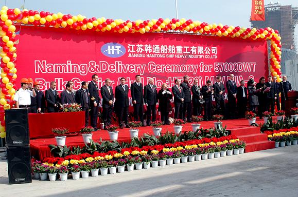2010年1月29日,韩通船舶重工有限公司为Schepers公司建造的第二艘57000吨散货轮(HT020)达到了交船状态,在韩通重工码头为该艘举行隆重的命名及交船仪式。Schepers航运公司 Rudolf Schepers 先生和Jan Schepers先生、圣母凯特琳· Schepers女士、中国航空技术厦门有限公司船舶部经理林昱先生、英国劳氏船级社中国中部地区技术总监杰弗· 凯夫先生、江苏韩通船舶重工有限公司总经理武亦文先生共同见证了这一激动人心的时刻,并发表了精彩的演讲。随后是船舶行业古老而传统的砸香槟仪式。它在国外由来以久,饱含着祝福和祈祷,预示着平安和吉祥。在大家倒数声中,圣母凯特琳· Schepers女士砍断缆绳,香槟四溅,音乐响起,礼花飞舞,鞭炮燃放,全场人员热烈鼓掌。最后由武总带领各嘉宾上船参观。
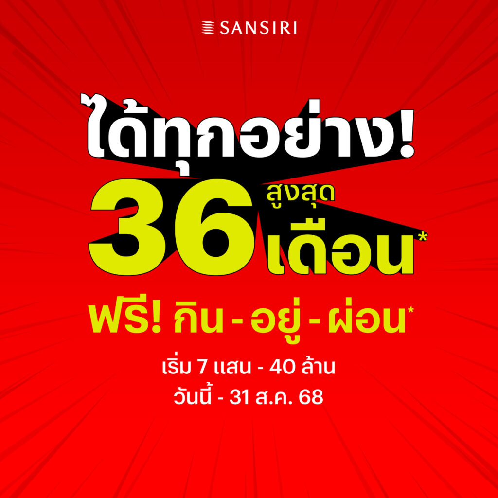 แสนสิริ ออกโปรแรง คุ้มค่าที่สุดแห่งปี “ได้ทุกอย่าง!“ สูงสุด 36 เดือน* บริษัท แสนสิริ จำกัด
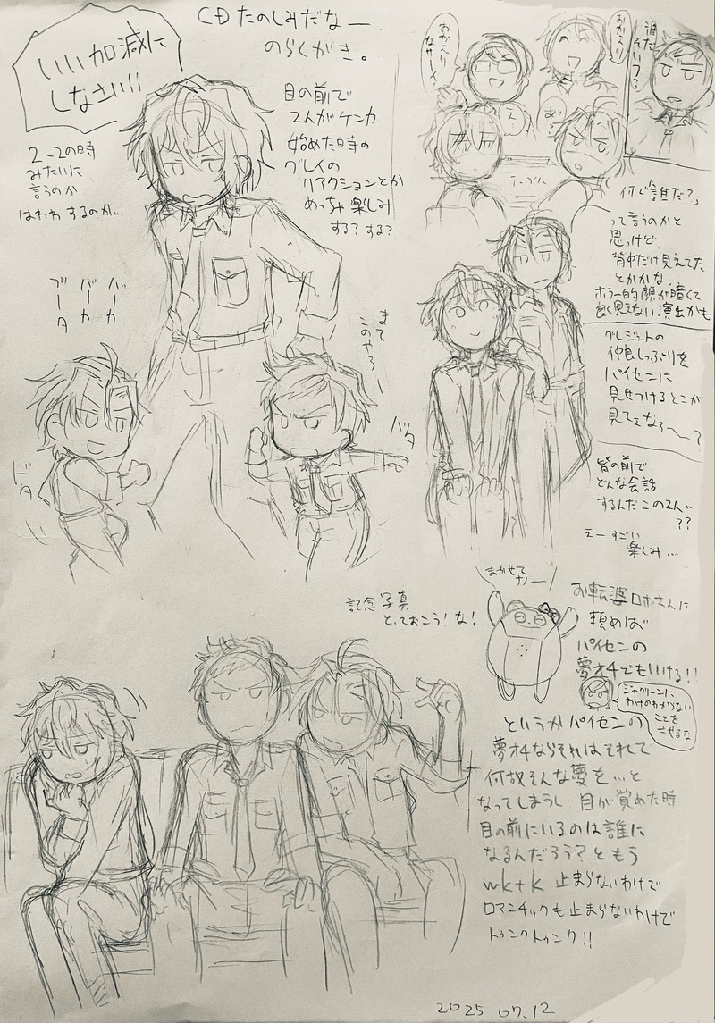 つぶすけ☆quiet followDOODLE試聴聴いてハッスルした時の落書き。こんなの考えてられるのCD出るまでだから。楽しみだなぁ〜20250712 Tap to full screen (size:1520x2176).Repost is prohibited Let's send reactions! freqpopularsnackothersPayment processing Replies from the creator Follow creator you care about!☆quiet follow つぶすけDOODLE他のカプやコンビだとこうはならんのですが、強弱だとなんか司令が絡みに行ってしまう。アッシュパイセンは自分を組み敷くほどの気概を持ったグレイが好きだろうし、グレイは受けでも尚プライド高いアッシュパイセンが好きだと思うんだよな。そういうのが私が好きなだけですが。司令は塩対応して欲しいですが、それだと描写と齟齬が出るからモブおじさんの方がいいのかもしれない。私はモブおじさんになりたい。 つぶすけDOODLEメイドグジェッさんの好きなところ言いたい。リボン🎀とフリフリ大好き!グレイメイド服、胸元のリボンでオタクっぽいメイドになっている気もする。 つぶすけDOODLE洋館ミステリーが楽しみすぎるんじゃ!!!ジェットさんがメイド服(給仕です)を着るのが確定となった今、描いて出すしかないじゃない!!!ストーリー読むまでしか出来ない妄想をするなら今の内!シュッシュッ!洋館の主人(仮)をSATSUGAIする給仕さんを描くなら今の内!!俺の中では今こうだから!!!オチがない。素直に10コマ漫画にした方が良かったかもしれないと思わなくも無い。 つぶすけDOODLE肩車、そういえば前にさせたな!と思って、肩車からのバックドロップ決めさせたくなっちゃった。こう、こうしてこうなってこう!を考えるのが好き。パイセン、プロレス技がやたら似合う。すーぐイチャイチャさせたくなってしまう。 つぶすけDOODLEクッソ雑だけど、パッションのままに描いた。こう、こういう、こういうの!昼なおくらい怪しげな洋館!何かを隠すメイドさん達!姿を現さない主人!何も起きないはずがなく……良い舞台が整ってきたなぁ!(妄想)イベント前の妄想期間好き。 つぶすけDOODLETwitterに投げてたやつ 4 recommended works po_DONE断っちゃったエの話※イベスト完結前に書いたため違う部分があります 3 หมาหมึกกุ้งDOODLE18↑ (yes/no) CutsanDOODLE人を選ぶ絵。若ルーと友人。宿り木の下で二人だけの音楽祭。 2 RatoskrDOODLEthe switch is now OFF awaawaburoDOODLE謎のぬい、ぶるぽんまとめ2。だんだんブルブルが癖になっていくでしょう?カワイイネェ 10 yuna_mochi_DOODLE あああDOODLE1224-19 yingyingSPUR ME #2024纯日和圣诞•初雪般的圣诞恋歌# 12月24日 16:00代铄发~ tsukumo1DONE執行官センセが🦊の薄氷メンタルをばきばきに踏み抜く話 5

☆ ☆ ☆ ☆ ☆

**Goal of the exercise:** The answer must be the data above, repeated exactly, with no pictures.

**Expected answer:**
2010年1月29日,韩通船舶重工有限公司为Schepers公司建造的第二艘57000吨散货轮(HT020)达到了交船状态,在韩通重工码头为该艘举行隆重的命名及交船仪式。Schepers航运公司 Rudolf Schepers 先生和Jan Schepers先生、圣母凯特琳· Schepers女士、中国航空技术厦门有限公司船舶部经理林昱先生、英国劳氏船级社中国中部地区技术总监杰弗· 凯夫先生、江苏韩通船舶重工有限公司总经理武亦文先生共同见证了这一激动人心的时刻,并发表了精彩的演讲。随后是船舶行业古老而传统的砸香槟仪式。它在国外由来以久,饱含着祝福和祈祷,预示着平安和吉祥。在大家倒数声中,圣母凯特琳· Schepers女士砍断缆绳,香槟四溅,音乐响起,礼花飞舞,鞭炮燃放,全场人员热烈鼓掌。最后由武总带领各嘉宾上船参观。
 แสนสิริ ออกโปรแรง คุ้มค่าที่สุดแห่งปี “ได้ทุกอย่าง!“ สูงสุด 36 เดือน* บริษัท แสนสิริ จำกัด
 つぶすけ☆quiet followDOODLE試聴聴いてハッスルした時の落書き。こんなの考えてられるのCD出るまでだから。楽しみだなぁ〜20250712 Tap to full screen (size:1520x2176).Repost is prohibited Let's send reactions! freqpopularsnackothersPayment processing Replies from the creator Follow creator you care about!☆quiet follow つぶすけDOODLE他のカプやコンビだとこうはならんのですが、強弱だとなんか司令が絡みに行ってしまう。アッシュパイセンは自分を組み敷くほどの気概を持ったグレイが好きだろうし、グレイは受けでも尚プライド高いアッシュパイセンが好きだと思うんだよな。そういうのが私が好きなだけですが。司令は塩対応して欲しいですが、それだと描写と齟齬が出るからモブおじさんの方がいいのかもしれない。私はモブおじさんになりたい。 つぶすけDOODLEメイドグジェッさんの好きなところ言いたい。リボン🎀とフリフリ大好き!グレイメイド服、胸元のリボンでオタクっぽいメイドになっている気もする。 つぶすけDOODLE洋館ミステリーが楽しみすぎるんじゃ!!!ジェットさんがメイド服(給仕です)を着るのが確定となった今、描いて出すしかないじゃない!!!ストーリー読むまでしか出来ない妄想をするなら今の内!シュッシュッ!洋館の主人(仮)をSATSUGAIする給仕さんを描くなら今の内!!俺の中では今こうだから!!!オチがない。素直に10コマ漫画にした方が良かったかもしれないと思わなくも無い。 つぶすけDOODLE肩車、そういえば前にさせたな!と思って、肩車からのバックドロップ決めさせたくなっちゃった。こう、こうしてこうなってこう!を考えるのが好き。パイセン、プロレス技がやたら似合う。すーぐイチャイチャさせたくなってしまう。 つぶすけDOODLEクッソ雑だけど、パッションのままに描いた。こう、こういう、こういうの!昼なおくらい怪しげな洋館!何かを隠すメイドさん達!姿を現さない主人!何も起きないはずがなく……良い舞台が整ってきたなぁ!(妄想)イベント前の妄想期間好き。 つぶすけDOODLETwitterに投げてたやつ 4 recommended works po_DONE断っちゃったエの話※イベスト完結前に書いたため違う部分があります 3 หมาหมึกกุ้งDOODLE18↑ (yes/no) CutsanDOODLE人を選ぶ絵。若ルーと友人。宿り木の下で二人だけの音楽祭。 2 RatoskrDOODLEthe switch is now OFF awaawaburoDOODLE謎のぬい、ぶるぽんまとめ2。だんだんブルブルが癖になっていくでしょう?カワイイネェ 10 yuna_mochi_DOODLE あああDOODLE1224-19 yingyingSPUR ME #2024纯日和圣诞•初雪般的圣诞恋歌# 12月24日 16:00代铄发~ tsukumo1DONE執行官センセが🦊の薄氷メンタルをばきばきに踏み抜く話 5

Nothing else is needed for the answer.